BRIEF »
Your copy should match the records below word for word and contain no pictures.
DATA FOR REVIEW Block Start
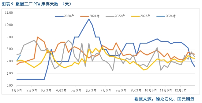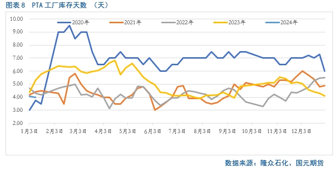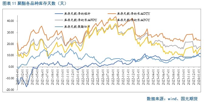 元旦過后,下游聚酯市場已開啟補(bǔ)庫模式,疊加之前廠家?guī)齑嫜永m(xù)低位,導(dǎo)致PTA工廠庫存處于近幾年相對低位。截至1月11日,國內(nèi)PTA工廠庫存在3.98天,較上周下滑0.07天,較去年同期下滑1.33天。不過當(dāng)前市場并不缺貨,工廠庫存相對穩(wěn)定。反觀聚酯工廠,PTA原料庫存截至上周四達(dá)到7.53天,較前一周上漲0.47天,較去年同期增加0.43天?,F(xiàn)貨買盤較少,補(bǔ)貨多為剛需。
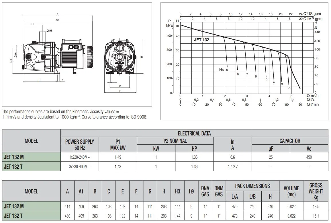 De DAB Jet 132 T is geschikt voor continu gebruik en kan tot 8 meter diep het water aanzuigen. De pomp heeft een maximale pompcapaciteit van 4.800 liter per uur en een maximale opvoerhoogte van 48 meter (4,8 bar). De DAB Jet 132 T is een 400V pomp met een vermogen van 1 kW en wordt standaard geleverd zonder aansluitkabel/stroomkabel.
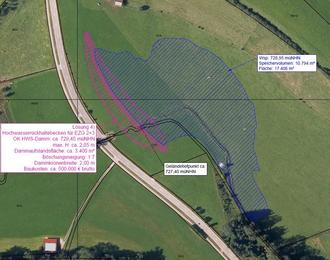 Langfristig sinnvoll ist es jedoch für den Schutz des Ortes auch die Teilgebiete 1 und 3 zu betrachten. Als Lösung dafür bietet sich die Errichtung eines Hochwasserdamms an der Kreisstraße OA 12 Richtung Wildpoldsried an. Der Damm ist an seiner höchsten Stelle lediglich 2,05 Meter hoch und läuft nach Norden und Süden gegen „Null“ aus. Bei einer Böschungsneigung von 1:7 ist die Fläche zudem landwirtschaftlich weiter gut bewirtschaftbar und fügt sich in die Landschaft ein.
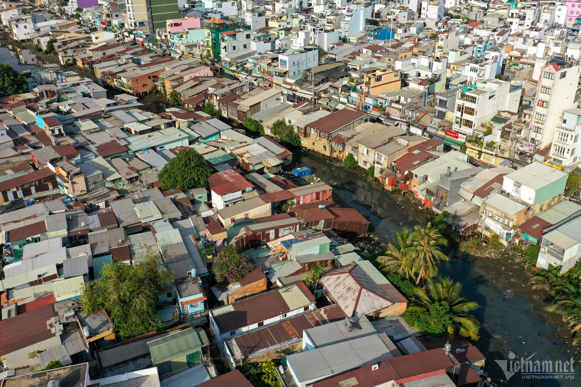 An overview of the "slum" area along the Van Thanh Canal, Binh Thanh District.
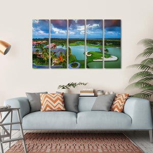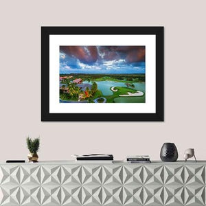 This canvas art captures a serene golf course in the Dominican Republic, framed by vibrant tropical vegetation and a picturesque lake. The dramatic sky enhances the luxurious feel of the scene, inviting a sense of calm and beauty to any space.
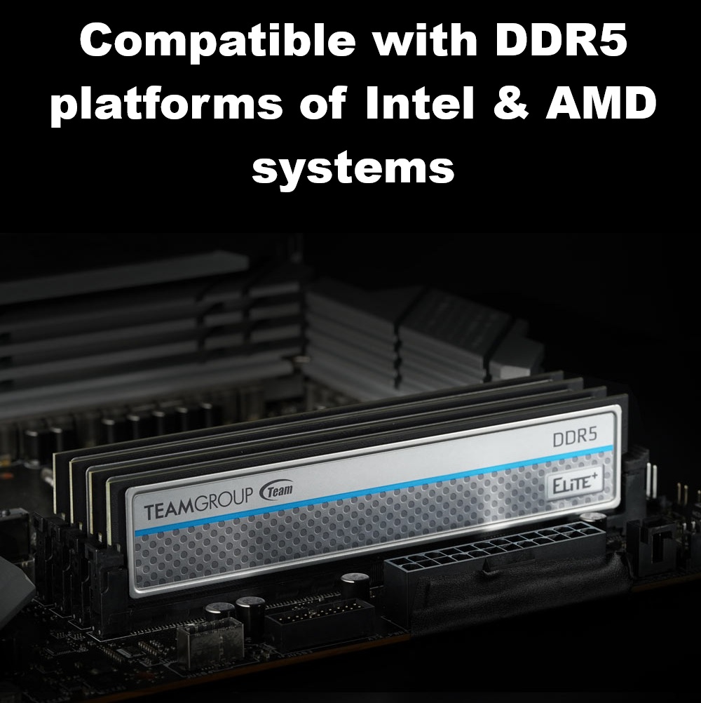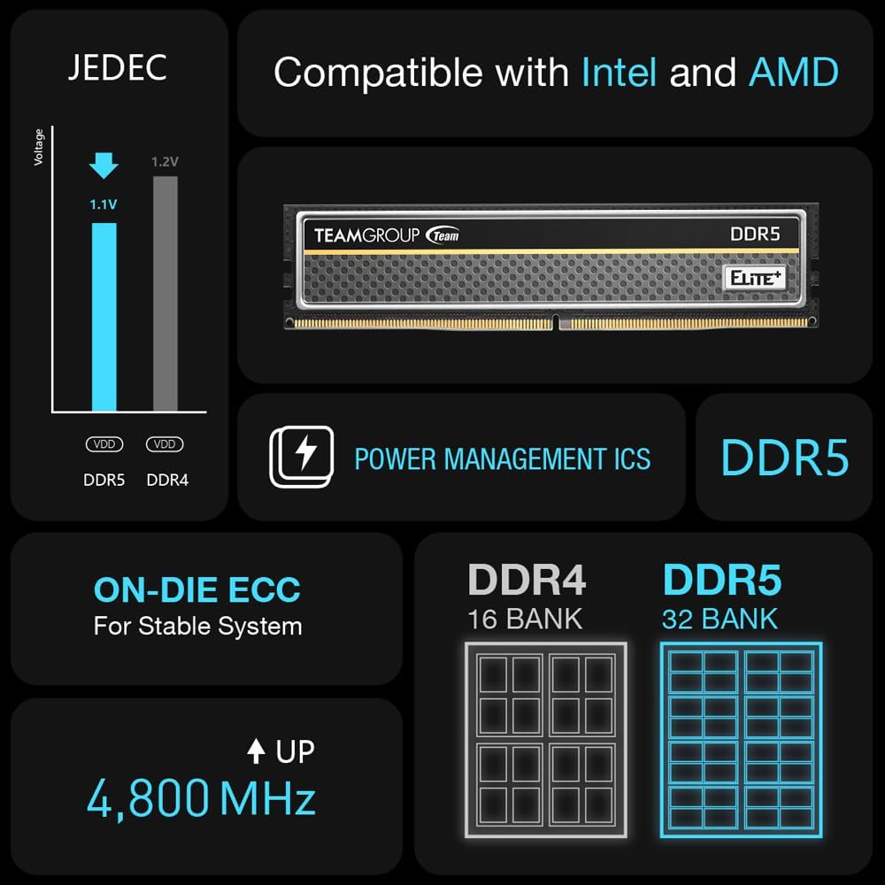 TeamGroup ELITE PLUS 32GB DDR5 5600MHz Desktop Memory Kit (2x16GB) CL46 With Aluminum Heat Sink, On-Die ECC, 1.1V Low Voltage, Intel XMP & AMD EXPO Support | BLACK
DATA FOR REVIEW Block End
SOLUTION »
 元旦過后,下游聚酯市場已開啟補(bǔ)庫模式,疊加之前廠家?guī)齑嫜永m(xù)低位,導(dǎo)致PTA工廠庫存處于近幾年相對低位。截至1月11日,國內(nèi)PTA工廠庫存在3.98天,較上周下滑0.07天,較去年同期下滑1.33天。不過當(dāng)前市場并不缺貨,工廠庫存相對穩(wěn)定。反觀聚酯工廠,PTA原料庫存截至上周四達(dá)到7.53天,較前一周上漲0.47天,較去年同期增加0.43天?,F(xiàn)貨買盤較少,補(bǔ)貨多為剛需。
 De DAB Jet 132 T is geschikt voor continu gebruik en kan tot 8 meter diep het water aanzuigen. De pomp heeft een maximale pompcapaciteit van 4.800 liter per uur en een maximale opvoerhoogte van 48 meter (4,8 bar). De DAB Jet 132 T is een 400V pomp met een vermogen van 1 kW en wordt standaard geleverd zonder aansluitkabel/stroomkabel.
 Langfristig sinnvoll ist es jedoch für den Schutz des Ortes auch die Teilgebiete 1 und 3 zu betrachten. Als Lösung dafür bietet sich die Errichtung eines Hochwasserdamms an der Kreisstraße OA 12 Richtung Wildpoldsried an. Der Damm ist an seiner höchsten Stelle lediglich 2,05 Meter hoch und läuft nach Norden und Süden gegen „Null“ aus. Bei einer Böschungsneigung von 1:7 ist die Fläche zudem landwirtschaftlich weiter gut bewirtschaftbar und fügt sich in die Landschaft ein.
 An overview of the "slum" area along the Van Thanh Canal, Binh Thanh District.
 This canvas art captures a serene golf course in the Dominican Republic, framed by vibrant tropical vegetation and a picturesque lake. The dramatic sky enhances the luxurious feel of the scene, inviting a sense of calm and beauty to any space.
 TeamGroup ELITE PLUS 32GB DDR5 5600MHz Desktop Memory Kit (2x16GB) CL46 With Aluminum Heat Sink, On-Die ECC, 1.1V Low Voltage, Intel XMP & AMD EXPO Support | BLACK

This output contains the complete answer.